If The Shining Girls was mere gore porn it would be unsatisfactory; if it was a mere moral tract similarly so. To capture the monstrousness of femicide – the unrelenting transhistorical slaughter of women – Beukes chose a form, social science fiction, that cannily expresses our ills; our unremitting failure to love, care for or cherish the lives of others. Beukes provides a solution – the killer is destroyed – but she nevertheless leaves us with a bitter taste that, unlike the taste of gall at the close of The Master of Petersburg, is a taste of and a taste for death. We come to know death intimately, how swiftly all we value and regard highly can be casually extinguished. We are left with the remorseless annihilation of beauty, an annihilation not only of young, industrious and promising women, but also the annihilation of great human spirit.

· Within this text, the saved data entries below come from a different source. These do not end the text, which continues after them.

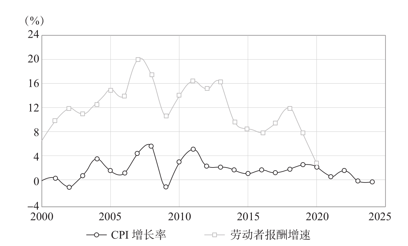 CPI反映的是基本消费品价格的变动。在第九章,我们指出CPI主要受工资、资产价值、投资三条渠道的影响。工资作为决定CPI走势的关键变量(见图2-8),其影响主要体现在两个层面。一是从需求层面拉动基本消费品增长,二是从成本层面支撑基本消费品价格。资本存量价值的变动也将影响整个社会的运行成本。如在经济周期扩张阶段,随着土地、房地产等资本存量价值的快速上升,整个经济社会租金成本将大幅上涨,在成本的推动下,CPI保持上行趋势,尤其是在经济繁荣阶段,房地产、股市等虚拟经济收益率往往高于实体经济,导致资产价值更快速上升。资产价值的大幅上升必然会再次抬高折旧、利息以及企业总体运行成本,使CPI上涨表现出明显的资本推动型特征。固定资产投资的变动也是影响CPI的重要因素。投资增加会带动生产资料价格上涨,而生产资料价格上涨又会通过产品成本传导至终端的CPI。在分析CPI走势时,我们还需特别关注重要民生商品的价格波动。例如,粮油肉蛋菜奶果等食品类商品价格,尤其是猪肉价格的波动,对整体CPI的影响比较显著。这主要是因为食品烟酒项在CPI中的权重较大,接近30%,而且波幅比较大。
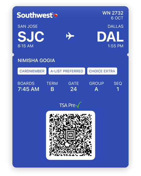 The Wallet app lives right on your iPhone. It’s where you securely keep your boarding passes, event tickets and more — all in one place. And it all works with iPhone or Apple Watch, so you can take less with you but always bring more.
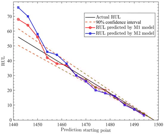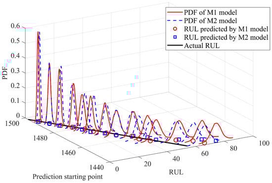 Let us refer to the exponential drift of the fGPm. Table 1 shows the maximum likelihood parameter identification of the fGPm degradation model at different prediction starting points. Figure 8 shows the RUL prediction results of the fGPm model (M1) with an adaptive drift function and the fGPm model (M2) without an adaptive drift function at multiple starting points. Figure 9 shows the uncertainty estimation results of M1 and M2 models at different prediction starting points. The analysis results indicate that an adaptive drift term can significantly improve the accuracy of prediction results.
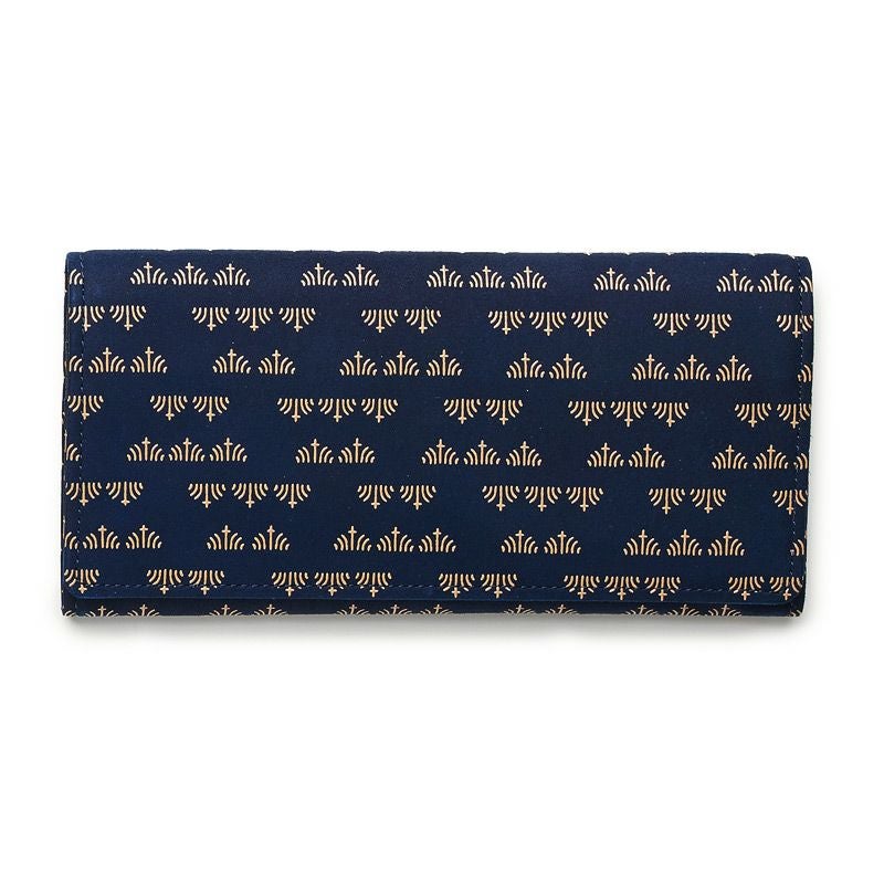 濃紺の鹿革地に、ベージュ色の漆のツヤが綺麗に映えて、柄も引き立っています。少し個性的にしたい、小物でコーディネートの印象を変えたい方は是非こちらをどうぞ。
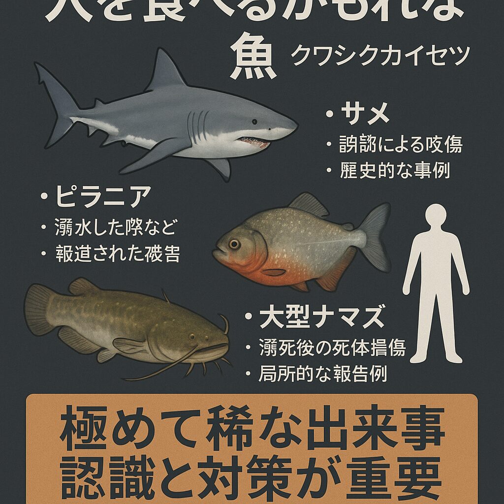 「人を食べるかもしれない魚」は確かに存在するが、日常的に人を狙って襲う種は少数であり、多くは特殊な状況(溺死・血や興奮・大量群れ)で起きる例が多いです。
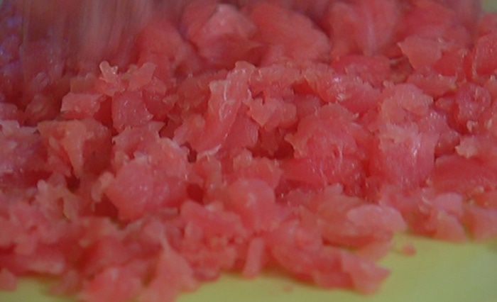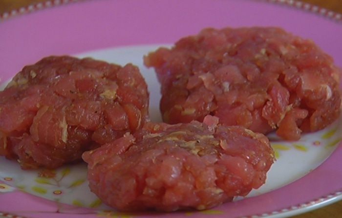 Сформировать из фарша небольшие котлетки и отправить их на несколько минут в морозилку.
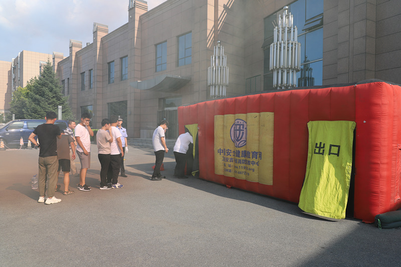 疏散完毕后,参演人员在集合点进行消防帐篷逃生体验,帐篷内设置了蜿蜒曲折的模拟逃生通道,模拟火灾环境。参演人员表情严肃,态度认真,放低身体姿态,以湿毛巾捂口鼻,多人一组进入帐篷体验火灾环境,经过一番摸索从出口迅速逃出“火灾现场”。

It is this core annihilation that defines Shelley’s Frankenstein. This annihilation, the consequence of the abandonment of ethics, of justice, is one we experience every day. Indeed, such is the extent of the abandonment that we no longer believe it is possible to right a wrong, recognise beauty or hold on to what is precious. The evil genius of Beukes’s serial killer is that he can still see what is good and, therefore, what can be destroyed while we, inured, emptied, mere husks, know and value little. Philosopher Jean Baudrillard remarked that we live in a world more visible than the visible; such is the saturation and the bloated emptiness of our world, we can no longer disinter, regulate or manage the force field that defines us. In such a hyper-real, saturated world, how do we mediate, reflect or act?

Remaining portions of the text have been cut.